The task
Output exactly, and only, the stretch of lines beginning at the line with "Павуки починають будувати" and ending at the last line of the listing below. Drop the pictures.

The data
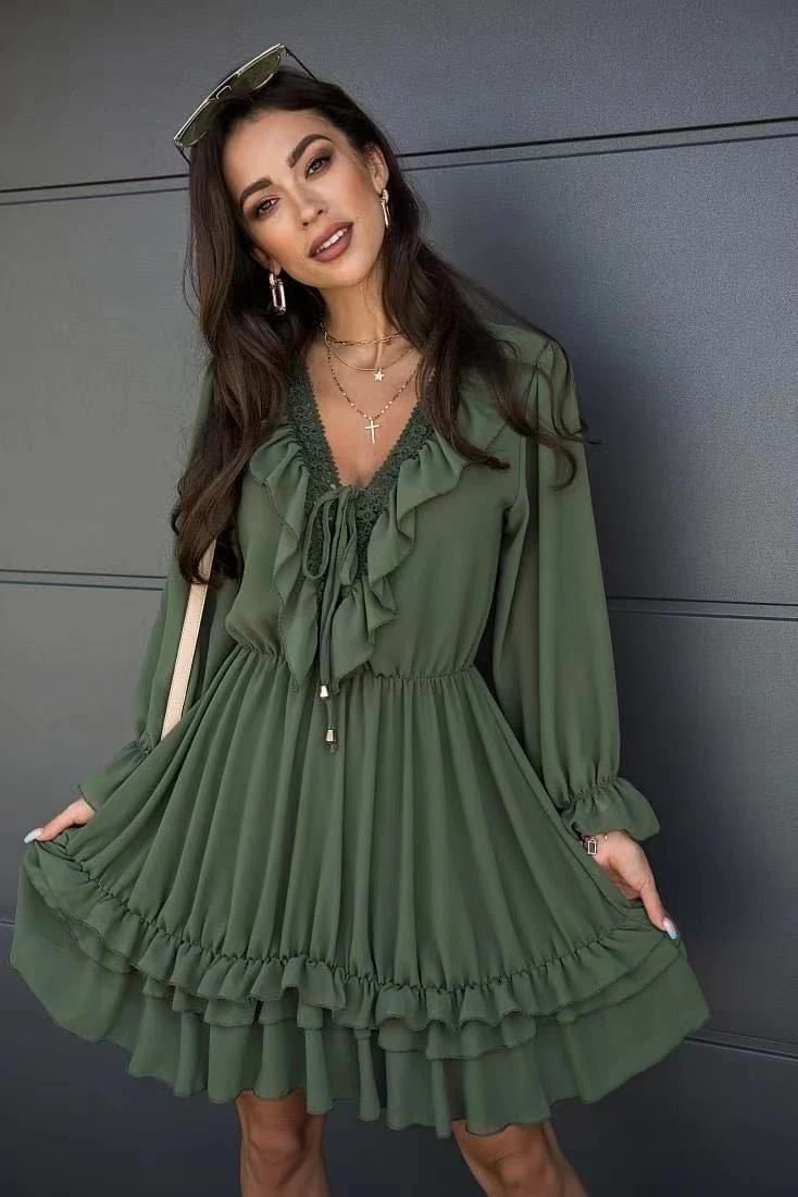Stupendo vestito da donna con stile casual-elegante adatto per una donna che ama la semplicità. Le sue caratteristiche sono: il tessuto in chiffon, lo scollo a V con lacci regolabili, i volant ,la manica morbida, e la sua vestibilità morbida, per dare più comodità. Questo modello è un classico ma sempre alla moda. Può essere abbinato con vari accessori: gioielli, borse, giacche, tacchi alti, ma perfetto anche con scarpe sportive e sandali. Adatto per uscite giornaliere, pomeridiane e serali o eventi speciali, lavoro, feste; insomma un capo così ti salverà dalle giornate indecise. Il tessuto è al 95% poliestere e al 5% elastico. Si consiglia lavaggio a mano e in acqua fredda.
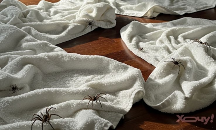 Павуки починають будувати павутину навколо вологих рушників і чекають на здобич, яка прийде у пошуках води. А у холодну пору павуки можуть ховатися навіть у сухих рушниках.
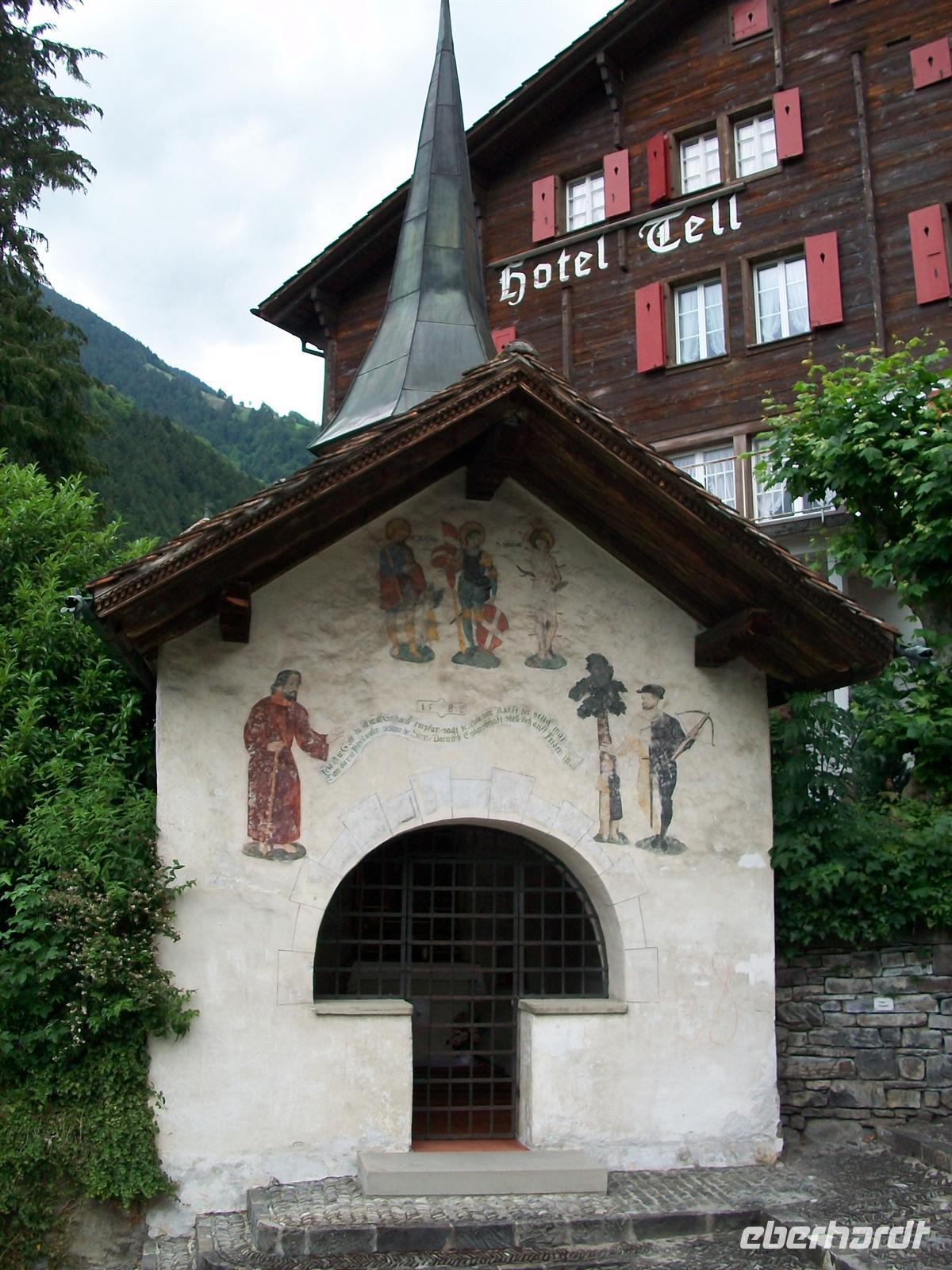 hier geboren wurde, über seine Zeit und die Menschen die seine Zeitgenossen waren. Legenden verweben sich mit realer Geschichte, dieser Mix fasziniert den Interessierten und etwas nachdenklich verlassen wir das Museum. Es bleibt noch Zeit einen Abstecher zur nahen Tellkapelle zu unternehmen, der Kirche, dem Friedhof und dem Beinhaus einen Besuch abzustatten und schließlich sind wir dann gegen 15.00 Uhr wieder unterwegs zum Hotel. Dieser Tag hat uns alle etwas klüger gemacht, wir haben viel gelernt über die Geschichte der Schweiz, die ohne die Wirkung von Wilhelm Tell wohl ganz anders verlaufen wäre…

Answer section
 Павуки починають будувати павутину навколо вологих рушників і чекають на здобич, яка прийде у пошуках води. А у холодну пору павуки можуть ховатися навіть у сухих рушниках.
 hier geboren wurde, über seine Zeit und die Menschen die seine Zeitgenossen waren. Legenden verweben sich mit realer Geschichte, dieser Mix fasziniert den Interessierten und etwas nachdenklich verlassen wir das Museum. Es bleibt noch Zeit einen Abstecher zur nahen Tellkapelle zu unternehmen, der Kirche, dem Friedhof und dem Beinhaus einen Besuch abzustatten und schließlich sind wir dann gegen 15.00 Uhr wieder unterwegs zum Hotel. Dieser Tag hat uns alle etwas klüger gemacht, wir haben viel gelernt über die Geschichte der Schweiz, die ohne die Wirkung von Wilhelm Tell wohl ganz anders verlaufen wäre…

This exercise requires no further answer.